__Directions__
After locating the line with "Set pentru grădină" below, output it and each following line exactly, stopping after the line with "Pinceau forme épee". No pictures.

= Beginning of Section =

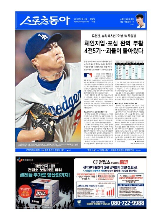 2008년 3월 15일자부터 최근 발행된 스포츠동아 신문 지면을 보실 수 있습니다. (지면 PDF파일 다운로드도 가능)
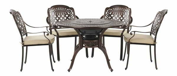 Set pentru grădină MENEF (cu grătar) (maro închis) (pentru 4 persoane)
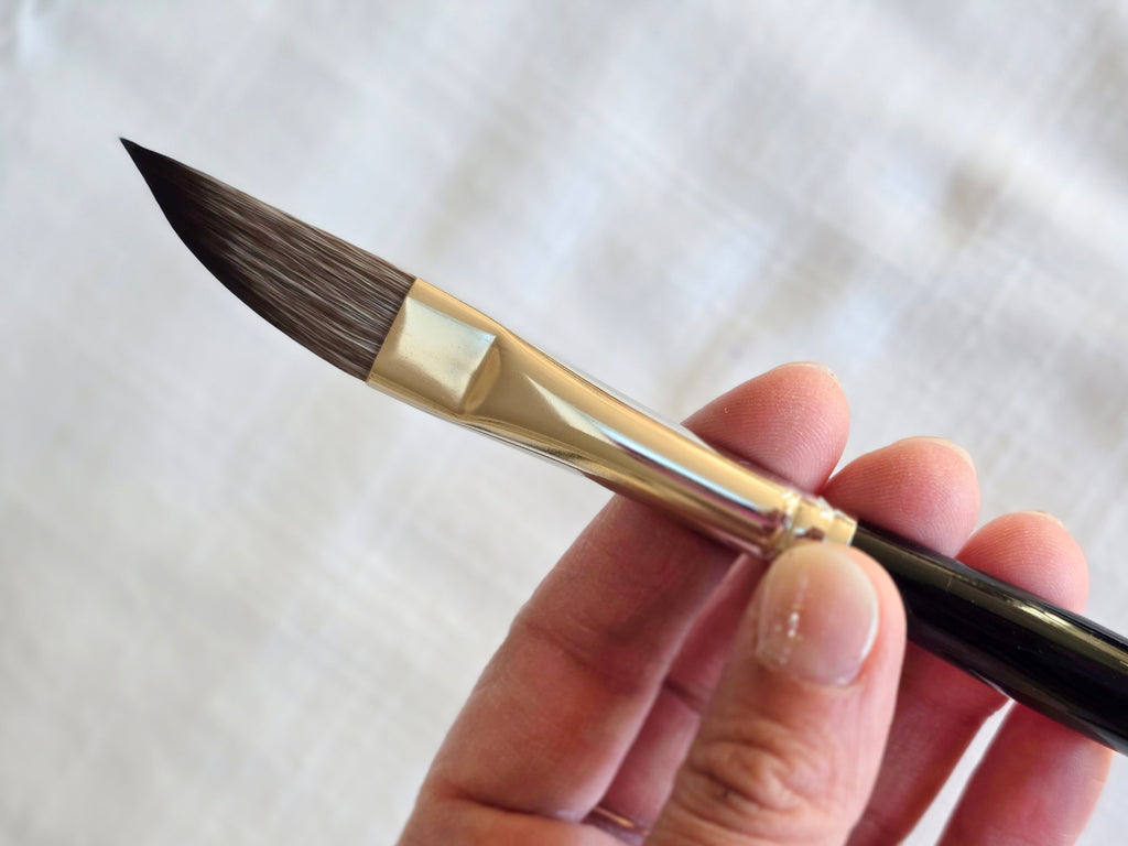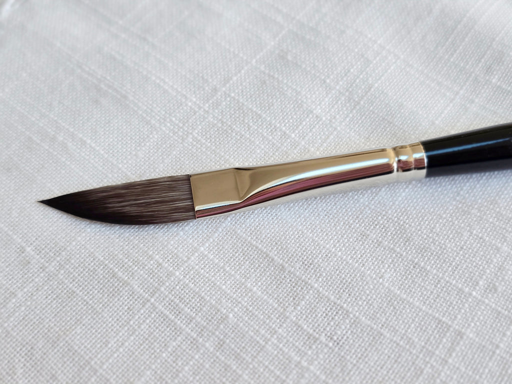 Pinceau forme épee en fibre synthétique imitation petit gris, avec un manche classique. Très bonne rétention.
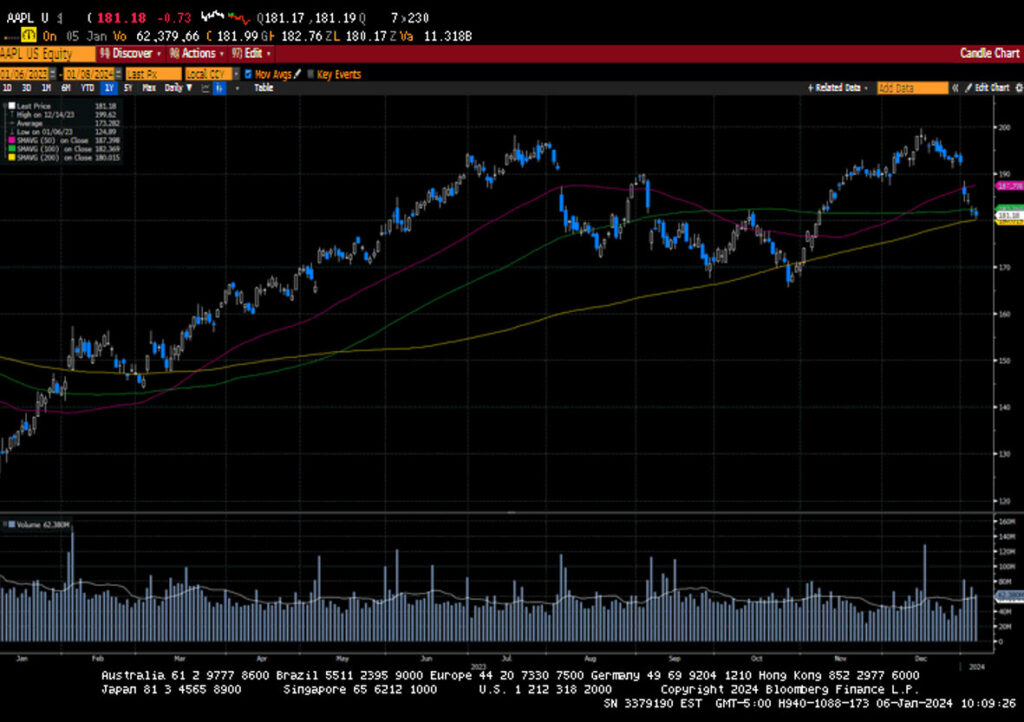 After nine weeks of gains, the market fell in the first week of trading in 2024. Interestingly, the losses incurred this week largely came from areas of the market that outperformed last
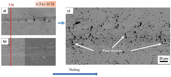 Figure 3 shows SEM images of both samples between 6.5 to 10 N of applied load. Generally, during the indenter passage, most of the material appears to sink to the bottom of the tracks, and a small amount shifts to the edges, forming the pile-up. This micro-mechanism is well known in the literature as micro-ploughing []. Figure 3c shows the wear track of the 0% CeO2-NPs sample at higher magnification. The figure shows the presence of pores, in which the loading conditions may tend to cause the closure of surface pores during tip sliding, which influences how the material deforms during the test []. The tendency towards pore closure may explain the differences in the geometric parameters of the wear profile between both samples at 7 N (see Table 1), causing the increase in contact pressure that promoted high plastic deformation around the surface pores. This localized deformation induced the surface pores to collapse instead of moving towards the edges and bottom of the tracks [,].
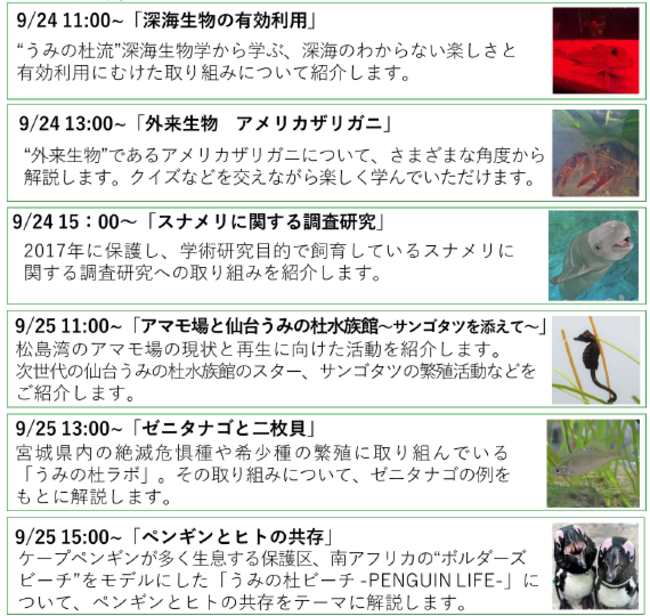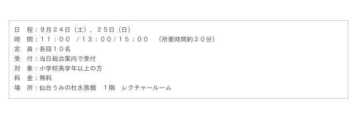 9月24日(土)、25日(日)は、宮城・東北とゆかりの深い生きものの調査・研究や、地域のみなさまと連携した環境保全活動について、飼育員が教える「大人も学べるサステナブル授業」を行います。これまで当館が行ってきた取り組みを通じて、現在我々が直面している環境問題について学び、持続可能な社会の実現に向けてどのような行動をしていけばよいのか考えるきっかけを提供いたします。また、お客さまとの交流を通じて、さまざまな意見を伺い、地域のみなさまと共に考え、環境問題解決への一助となるようなアクションを追求してまいります。
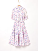 優しい色味で描かれた花柄が華やかな開襟ワンピース。ふんわり広がるスカートのフレアシルエットが魅力的。薄手の柔らかなコットン生地です。
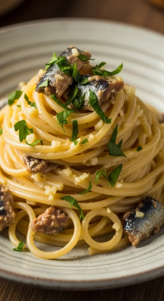 26. Creamy Garlic Butter Sardine Spaghetti (Pantry Hero)
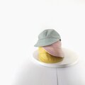 パステルカラーのリネンのキャップ。
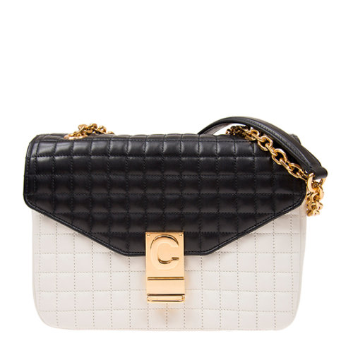 CELINE/赛琳 女士黑白拼色小牛皮方格纹绗缝经典字母C扣单肩包斜挎包链条包女包 187253-BFD-01WB
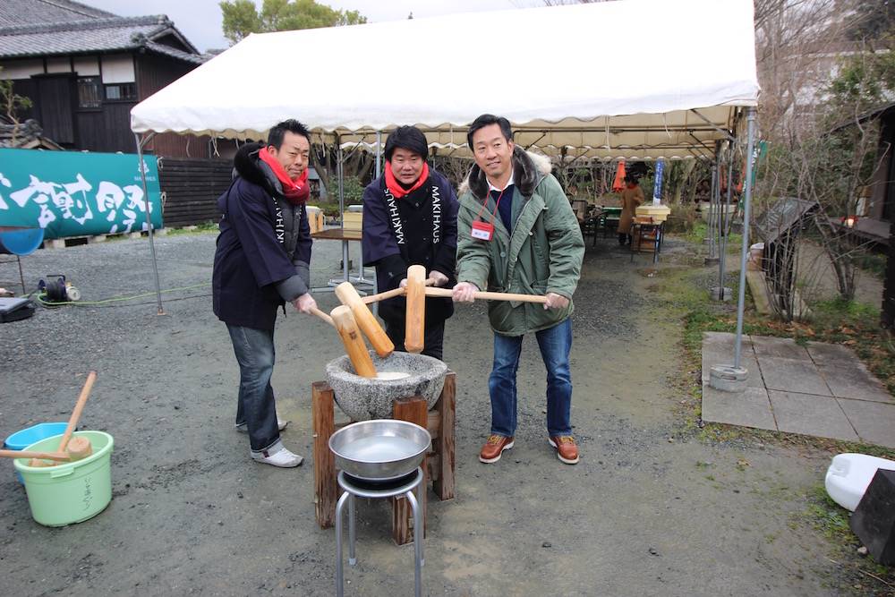 杵と臼にお子さんたちも悪戦苦闘してました。

= End of Section =

__Exercise output__
 Set pentru grădină MENEF (cu grătar) (maro închis) (pentru 4 persoane)
 Pinceau forme épee en fibre synthétique imitation petit gris, avec un manche classique. Très bonne rétention.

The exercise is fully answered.